Election challenge proves costly

Seven people who unsuccessfully
challenged the legitimacy of two candidates from Bodden Town elected in the
2009 General Election have been served with bankruptcy notices.

The notices sent to the
challengers, which includes Artist Gordon Solomon and Social Activist Sandra Catron,
require them to pay to Mark Scotland and Dwayne Seymour US$70,041.76.

That’s the amount due on the final
judgement obtained by Mr. Scotland and Mr. Seymour against the group of
challengers in Grand Court on 19 February and 17 March.

The consequences of not complying
with the notice are that the individuals will have committed acts of
bankruptcy, which would allow bankruptcy proceedings to be taken against them
by Mr. Scotland and Mr. Seymour.

Mr. Solomon expressed surprise at
the stance taken by the MLA’s and their lawyers, calling it excessive.

“I didn’t expect all of this just
because of standing up. Maybe I was a little naive and did not realise what we
were getting into. However when we got our advice from England, this is how we
were instructed to proceed. We also had a very short time to put things in
order. I did not imagine anything about having to pay the other side’s legal
costs.” 

Mr. Seymour said he was not aware
that bankruptcy notices had already been served, but noted that both he and now
Mr. Scotland had to seek financing to cover the cost of the proceedings.

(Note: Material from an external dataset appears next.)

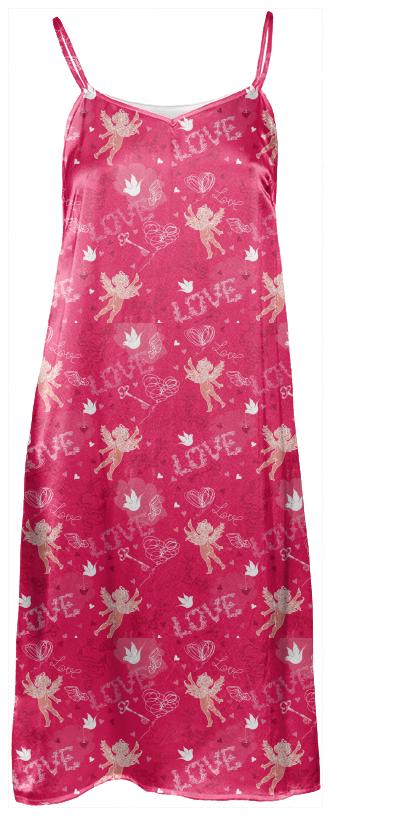 Loose flowy slip dress with adjustable spaghetti straps and 4 inch side slits.

“We were simply two honest men
trying to do well for the Cayman Islands and the people of Bodden Town. These
people made a decision to get into the arena, bringing a frivolous claim that
was executed totally incorrectly and ended up wasting everyone’s time and
taking food from my children’s mouths. What would they have gained from it is
the important question.”

He contends more money and time
would have been wasted and he and Mr. Scotland would have retained their seats
through a by-election.

A statement sent by Sandra Catron
to the Caymanian Compass read on 3 June: “We have been somewhat astonished to
receive bankruptcy notices in relation to the costs of Cause 288 of 2009. It
seems that because we sought to uphold the constitution, our two Bodden Town
representatives have sought to have us declared bankrupt if we do not immediately
pay their costs which were awarded in March of this year. We were advised by
senior counsel that it was possible to seek to have the constitution upheld by
way of an Originating Summons and that it was also possible to do so by way of
an election petition under the Elections Law. We chose the former approach
because it was less of a partisan approach to the issue. The majority of us
have no party affiliation whatsoever. The irony is that if we had taken a
partisan approach and proceeded by way of an election petition the circumstances
of our two representatives would likely be very different now. We respect the
view of the court and the rule of law so their costs will be paid. There was no
need to take a heavy handed approach of threatening your own constituents with
personal bankruptcy but we have come to expect no more.”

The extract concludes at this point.